_PROBLEM STATEMENT_:
Among the records that follow, set down only the lines from the one containing "При начальных проявлениях" to the one containing "For S. aureus, the", both included, exactly.

_TASK DATA_:
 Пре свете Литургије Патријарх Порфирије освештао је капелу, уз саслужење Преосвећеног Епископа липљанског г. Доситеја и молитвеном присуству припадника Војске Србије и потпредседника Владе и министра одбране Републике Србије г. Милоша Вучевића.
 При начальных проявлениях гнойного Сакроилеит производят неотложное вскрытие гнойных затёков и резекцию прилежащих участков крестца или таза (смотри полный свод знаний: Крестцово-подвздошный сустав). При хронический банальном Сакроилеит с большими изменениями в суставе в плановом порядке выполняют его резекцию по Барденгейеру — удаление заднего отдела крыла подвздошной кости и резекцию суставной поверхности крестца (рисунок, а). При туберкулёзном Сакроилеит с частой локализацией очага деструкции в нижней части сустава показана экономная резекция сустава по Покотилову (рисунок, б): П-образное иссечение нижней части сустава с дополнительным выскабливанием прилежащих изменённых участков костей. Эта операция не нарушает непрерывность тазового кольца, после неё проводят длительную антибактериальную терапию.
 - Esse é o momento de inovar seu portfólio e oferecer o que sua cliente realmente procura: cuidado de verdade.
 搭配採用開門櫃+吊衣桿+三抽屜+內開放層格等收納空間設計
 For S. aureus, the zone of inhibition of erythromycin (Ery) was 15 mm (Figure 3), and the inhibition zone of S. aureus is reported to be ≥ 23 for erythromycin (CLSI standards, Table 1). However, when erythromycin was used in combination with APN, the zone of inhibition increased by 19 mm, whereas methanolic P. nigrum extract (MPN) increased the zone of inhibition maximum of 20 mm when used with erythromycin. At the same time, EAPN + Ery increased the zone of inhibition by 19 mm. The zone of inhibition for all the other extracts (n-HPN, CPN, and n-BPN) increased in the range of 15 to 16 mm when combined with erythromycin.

==

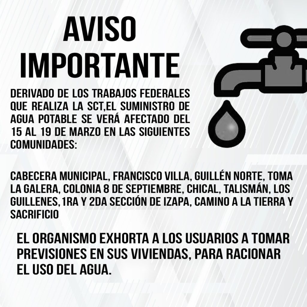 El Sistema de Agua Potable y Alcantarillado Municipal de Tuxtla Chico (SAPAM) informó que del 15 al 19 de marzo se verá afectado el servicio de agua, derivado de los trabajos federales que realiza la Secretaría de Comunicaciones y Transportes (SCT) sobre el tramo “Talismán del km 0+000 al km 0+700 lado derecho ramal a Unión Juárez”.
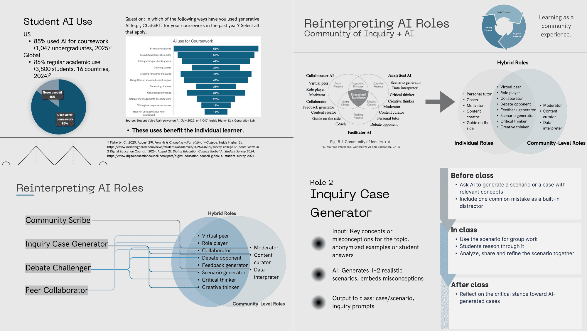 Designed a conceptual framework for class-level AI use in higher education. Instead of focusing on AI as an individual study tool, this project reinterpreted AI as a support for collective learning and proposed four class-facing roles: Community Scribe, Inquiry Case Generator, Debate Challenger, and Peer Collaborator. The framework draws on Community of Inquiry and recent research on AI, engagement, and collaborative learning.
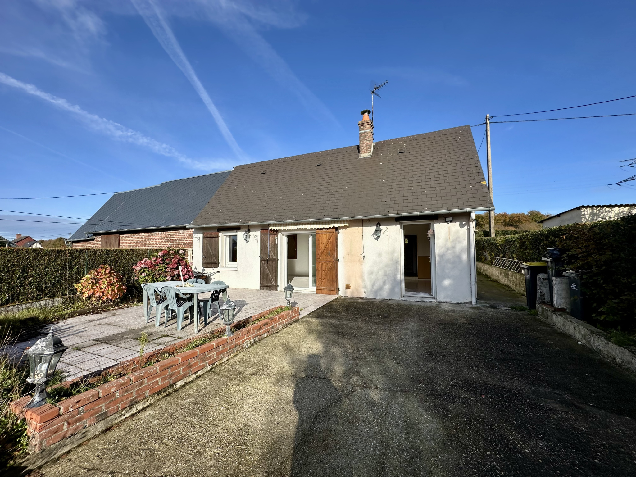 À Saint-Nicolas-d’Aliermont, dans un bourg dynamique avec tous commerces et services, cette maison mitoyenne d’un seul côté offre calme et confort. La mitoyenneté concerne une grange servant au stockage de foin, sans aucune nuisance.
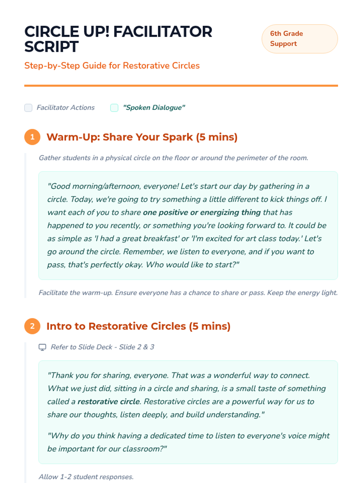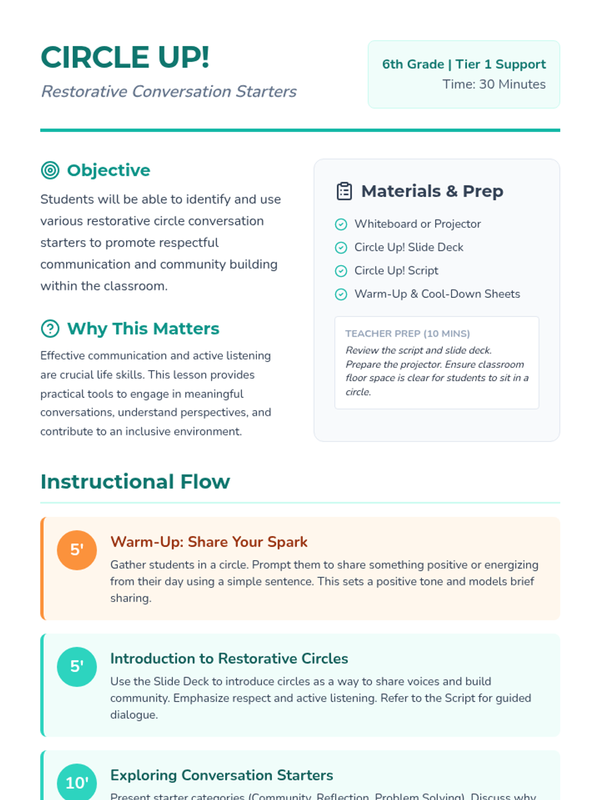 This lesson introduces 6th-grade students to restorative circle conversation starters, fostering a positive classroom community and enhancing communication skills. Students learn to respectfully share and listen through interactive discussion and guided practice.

--

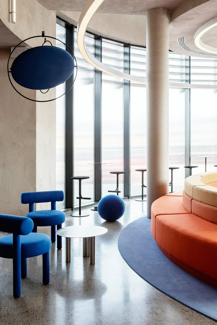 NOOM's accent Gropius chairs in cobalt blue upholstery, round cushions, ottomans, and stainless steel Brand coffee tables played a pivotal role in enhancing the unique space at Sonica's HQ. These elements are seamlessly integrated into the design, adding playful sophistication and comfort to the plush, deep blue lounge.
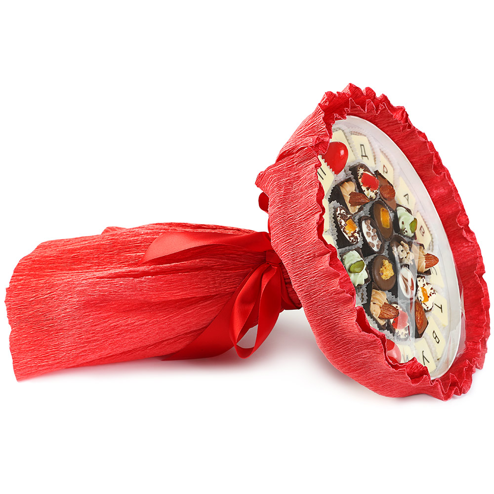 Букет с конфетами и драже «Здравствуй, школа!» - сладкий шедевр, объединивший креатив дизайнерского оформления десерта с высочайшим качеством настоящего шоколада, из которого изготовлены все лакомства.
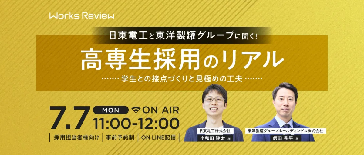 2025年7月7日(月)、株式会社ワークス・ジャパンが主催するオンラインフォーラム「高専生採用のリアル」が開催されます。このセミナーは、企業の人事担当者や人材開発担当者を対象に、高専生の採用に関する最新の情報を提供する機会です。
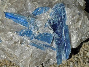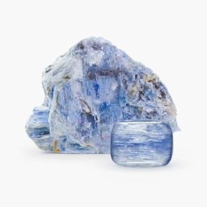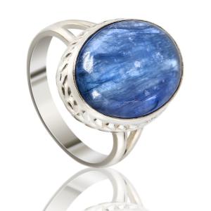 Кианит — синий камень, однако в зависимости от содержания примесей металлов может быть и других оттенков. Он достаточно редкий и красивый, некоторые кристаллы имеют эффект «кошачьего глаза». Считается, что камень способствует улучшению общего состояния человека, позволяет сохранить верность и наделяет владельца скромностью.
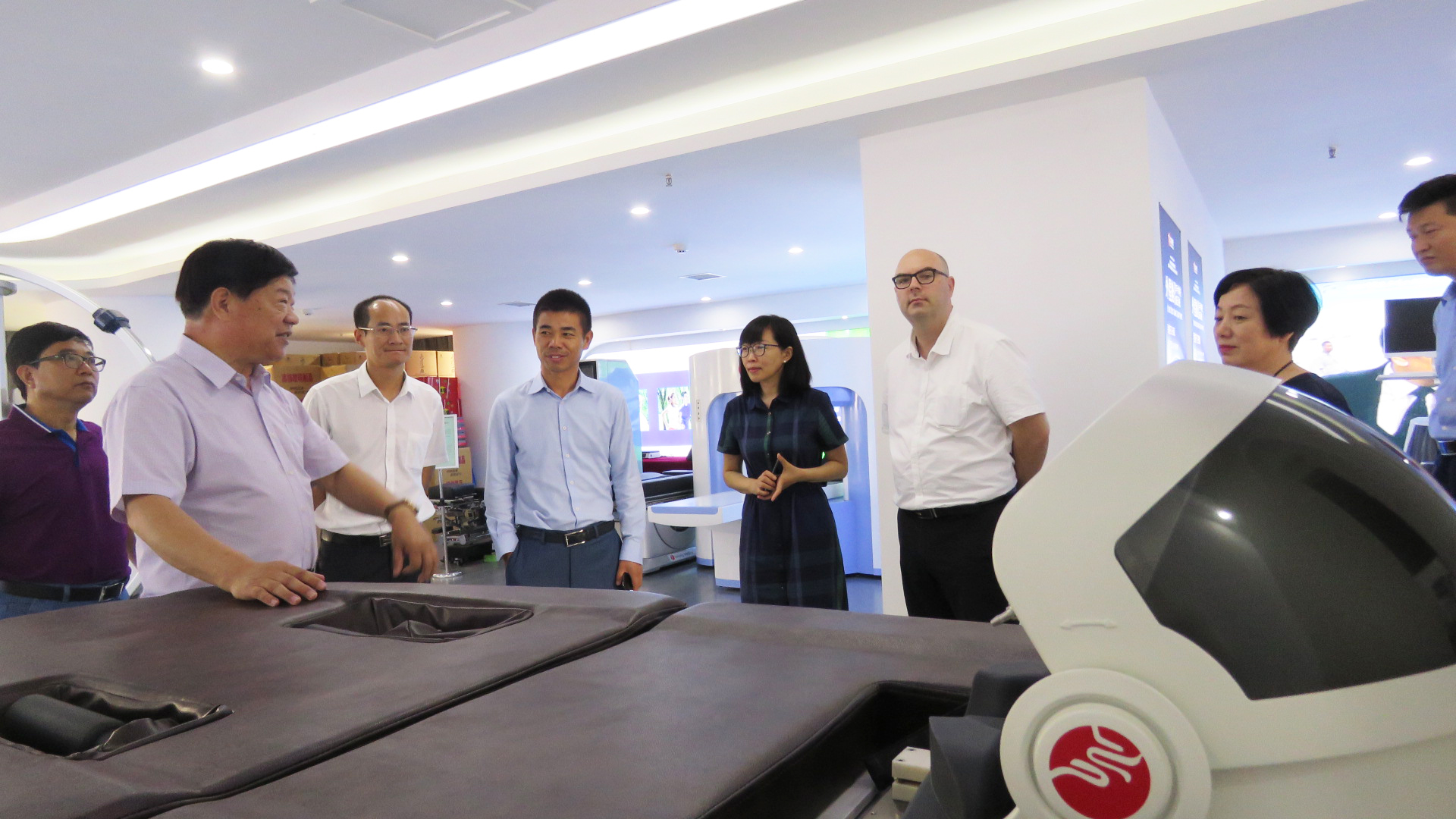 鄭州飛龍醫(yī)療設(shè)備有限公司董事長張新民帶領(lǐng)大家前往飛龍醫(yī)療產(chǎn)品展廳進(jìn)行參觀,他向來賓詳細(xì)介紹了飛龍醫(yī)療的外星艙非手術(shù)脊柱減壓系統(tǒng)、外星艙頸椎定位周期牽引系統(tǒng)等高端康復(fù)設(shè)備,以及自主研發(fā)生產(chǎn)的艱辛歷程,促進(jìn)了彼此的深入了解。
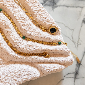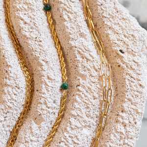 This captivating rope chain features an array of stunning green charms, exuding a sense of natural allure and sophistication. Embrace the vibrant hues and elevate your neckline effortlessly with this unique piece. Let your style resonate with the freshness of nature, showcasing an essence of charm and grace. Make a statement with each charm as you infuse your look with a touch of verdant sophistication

_ANSWER SECTION_:
 При начальных проявлениях гнойного Сакроилеит производят неотложное вскрытие гнойных затёков и резекцию прилежащих участков крестца или таза (смотри полный свод знаний: Крестцово-подвздошный сустав). При хронический банальном Сакроилеит с большими изменениями в суставе в плановом порядке выполняют его резекцию по Барденгейеру — удаление заднего отдела крыла подвздошной кости и резекцию суставной поверхности крестца (рисунок, а). При туберкулёзном Сакроилеит с частой локализацией очага деструкции в нижней части сустава показана экономная резекция сустава по Покотилову (рисунок, б): П-образное иссечение нижней части сустава с дополнительным выскабливанием прилежащих изменённых участков костей. Эта операция не нарушает непрерывность тазового кольца, после неё проводят длительную антибактериальную терапию.
 - Esse é o momento de inovar seu portfólio e oferecer o que sua cliente realmente procura: cuidado de verdade.
 搭配採用開門櫃+吊衣桿+三抽屜+內開放層格等收納空間設計
 For S. aureus, the zone of inhibition of erythromycin (Ery) was 15 mm (Figure 3), and the inhibition zone of S. aureus is reported to be ≥ 23 for erythromycin (CLSI standards, Table 1). However, when erythromycin was used in combination with APN, the zone of inhibition increased by 19 mm, whereas methanolic P. nigrum extract (MPN) increased the zone of inhibition maximum of 20 mm when used with erythromycin. At the same time, EAPN + Ery increased the zone of inhibition by 19 mm. The zone of inhibition for all the other extracts (n-HPN, CPN, and n-BPN) increased in the range of 15 to 16 mm when combined with erythromycin.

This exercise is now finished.